Previously we talked about statistical significance.

But in general, in genomic studies,

you're often consider, considering more than one data set at a time.

In other words, you might be a, analyzing the expression of every one of the genes

in your body, or you might be looking at hundreds of thousands of millions of

variants in the DNA, or many other multiple testing site, type scenarios.

So in these scenarios what you're doing is you're calculating a measure of

association between say some phenotype that you care about say cancer

versus control and every single data set that you collected.

Say, a data set for each possible gene.

So in this case what's happened is people are still applying

the hypothesis testing frame work.

They're using P-values and things like that.

But the issue is that, that framework wasn't built for doing many,

many hypothesis tests at once.

So if you remember when we talked about what a P-value was,

it's the probability of observing a statistic as, or more extreme,

than the one we, you calculated in an original sample.

And so what is it, one property of P-values that's very important, and

that we should pay attention to is that if there's nothing happening,

suppose that there's absolutely no difference between the two groups that

you're comparing, the P-values are uni, what's called uniformly distributed.

So this is a plot of some uniformly distributed data histogram.

On the x-axis you see the P-value, and

on the y-axis is the frequency of the number of P-value that fall to that bin.

And so, this is what the uniform distribution looks like.

And so, what a uniform distribution means is that 5% of the P-values will be

less than 0.05.

20% of the P-value would be less than 0.02, and so forth.

In other words, when there is no signal, the P-value distribution is flat.

So what does that mean?

How does that sort of play a role in a multiple testing problem?
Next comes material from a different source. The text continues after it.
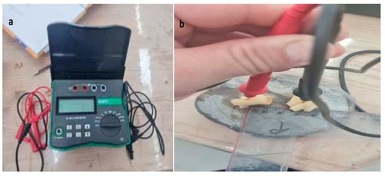The measurements were conducted using a DY4106DUOYI resistivity meter (Figure 12a) with two electrodes (Pole-Pole array []). To ensure accurate measurements, two pieces of sponge saturated with a 15% salt-water mixture were used (Figure 12b) while the distance between two pins (electrodes) was 3 cm. The electrical resistivity of the chert samples was calculated using the expression for the Pole-Pole array []:

And so here's an example with a cartoon.

Imagine that you're trying to investigate whether jelly,

jelly beans are associated with acne.

So what you could do is, you could perform a study where you compare

people who eat a lot of jelly beans and

people who don't eat a lot of jelly beans and look to see if they have acne or not.
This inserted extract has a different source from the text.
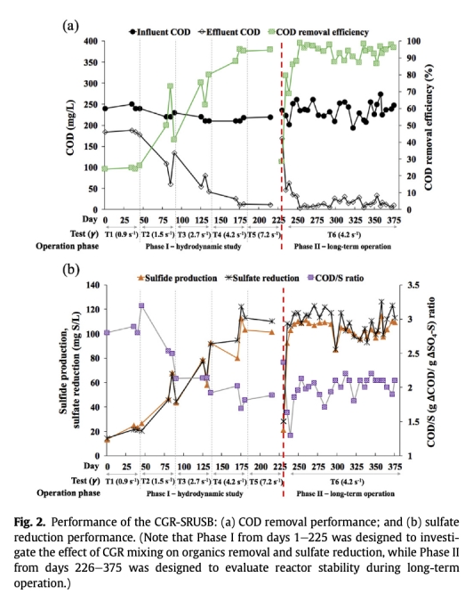 2 測量了有機物去除和硫酸鹽還原性能,如COD去除效率和硫酸鹽還原量,數據來自Fig. 2。研究意義是驗證CGR混合能提高反應器性能,在最佳混合強度下COD去除效率超過90%,硫酸鹽還原量高,表明硫酸鹽還原菌活性增強。

And so if you do that, you probably won't find anything.

And so, at the first test, people go ahead and collect the data on the whole sample,

they calculate the statistic, the P-value's greater than 0.05, they conclude

there's no statistically significant association between jelly beans and acne.

But in the, you might consider, oh, well it might be just a kind of jelly beans.
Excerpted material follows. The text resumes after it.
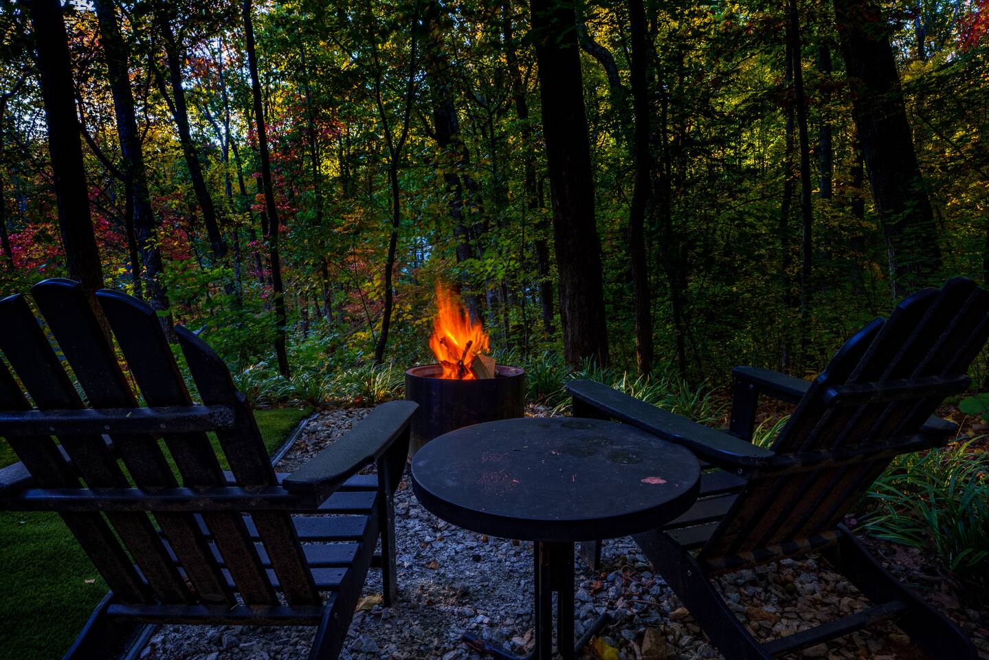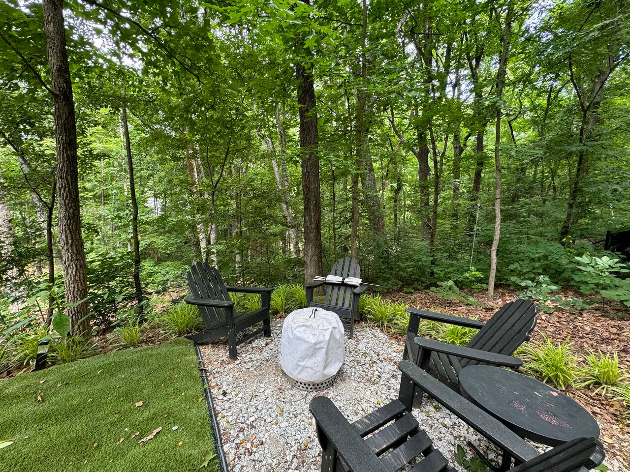 Comfy wooded neighborhood. Plenty of privacy but other homes are within sight at certain times of the year.

So you could go back and test brown jelly beans and yellow jelly beans and so

forth, and in each case, most of the time, the P-value would be greater than 0.05.

And so it would not be statistically significant, and you wouldn't report it.

But then, since P-values are uniformly distributed,

about one out of every 20 tests that you do,

even if there's absolutely no association between jelly beans and

acne, about one out of 20 will still show up with a P-value less than 0.05.

And so a danger is that you do these many, many, many tests and

then you find the one with P-value is less than 0.05 and you just report that one.

So here's an example where there's a news article saying that green jelly beans have

been linked to acne.

So that's again, whether it's either reporting this with a statistical

significance measure that was designed when performing one hypothesis test, but

in reality they per, performed many.

So how do we deal with this?

How do we adapt the hypothesis testing framework

to the situation where you're doing many hypotheses?

Tests.

So the way that we do that is with different error rates.

So the two most commonly error rates that you'll probably hear about when doing

a genomic data analysis are the family wise error rate and

the false discovery rate.

So the family wise error rate says that if we're going to do many,

many hypothesis tests we want to control,

control the probability that there will be even one false positive.

This is a very strict criteria.

If you find many things that are significant, and

a false family wise error rate that's very low,

you're saying that the probability of even one false positive is very small.